I agree with your earlier post as to spend more on a higher rated power washer, although not everybody gets chance to adopt a full proper refine and jewel polish, it's always strikes me as 'odd' that the 'warriors' say a viewer cannot tell the difference yet still the warrior advocate only uses this durable product in the winter only?


----------



## LuckyStrike (Feb 3, 2012)

After seeing that first picture, sealant would be my guess.
Chemical-Guys JetSeal109 or DJ SN paste sealant...


----------



## nick.s (Dec 21, 2009)

It is a sealant yes  I revealed it a few posts back now 

Took the opportunity to get a quick video on my phone of the water behaviour yesterday when giving the Punto a quick wash 






Although not the clearest of videos, it sheets like a mofo!


----------



## nick.s (Dec 21, 2009)

A little video update of the finish from two weeks in:






Now three weeks in, and the beading and sheeting is still as tight as ever, with silly amounts of gloss still present. Just waiting on favourable weather conditions to rephotograph the car


----------



## nick.s (Dec 21, 2009)

Just over 5 weeks in and still rocking the beadage extremely well indeed! Gloss is still very much a winner!

Will update with a photo later on!


----------



## E38_ross (May 10, 2010)

dohc-vtec said:


> With proper refining/jewelling techniques you cannot tell the difference with waxes and sealants, cleat coat levelled to be as flat/perfect as it can be, putting a layer of wax or sealant is not even 1/4 a micron thick, you cannot tell the difference, its all in your head eh


agree. basically all of the finish is in the prep work. doing a test between gtechniq C1, C2 and zymol glasur......and me not being able to tell the difference from over 1 foot away led me to ditch my waxes in favour of things which offer better ultimate protection since i'm not interested in "feel" and how "nice it is to apply"
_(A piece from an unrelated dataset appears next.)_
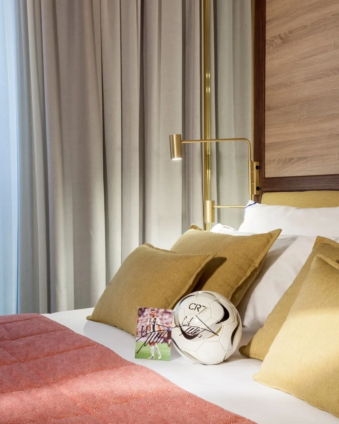 A Juventus ötszörös aranylabdás labdarúgója két képet osztott meg a spanyol fővárosban található helyről. A legfrissebb fotók szerint a szobákban egy dedikált Ronaldo-fotó és egy CR7 labda várja majd a vendégeket, míg a recepciót korábbi világbajnokságok fotói díszítik.

understand why people like this though, but it's not for me so no more waxes will ever be going on my car.


----------



## nick.s (Dec 21, 2009)

E38_ross said:


> agree. basically all of the finish is in the prep work. doing a test between gtechniq C1, C2 and zymol glasur......and me not being able to tell the difference from over 1 foot away led me to ditch my waxes in favour of things which offer better ultimate protection since i'm not interested in "feel" and how "nice it is to apply"
> 
> understand why people like this though, but it's not for me so no more waxes will ever be going on my car.


Personally I disagree that ALL of the finish is in the prep. Vast majority yes, but LSP's add their own flavour. How we see this is all subjective though, and makes for interesting debate 

Anyways, beadage!


----------



## E38_ross (May 10, 2010)

nick.s said:


> Personally I disagree that ALL of the finish is in the prep. Vast majority yes, but LSP's add their own flavour. How we see this is all subjective though, and makes for interesting debate
> 
> Anyways, beadage!


why i said "basically all"


----------



## [email protected] (Dec 21, 2005)

nick.s said:


> Answers on a postcard as to what you think may have given this finish! You decide  We're looking at the bonnet here, as this is what has the mystery LSP on it.


The Abyss!!:argie:

Lovin it Nick!


----------



## nick.s (Dec 21, 2009)

Ist good ya? 

Sadly Percy got traded in a few weeks back so I haven't been able to grab some updated shots, but passing it at the garage the other day when I took the replacement in for some warranty work, it was still beading really nicely  I'll try and grab some photos if it's there tomorrow.


----------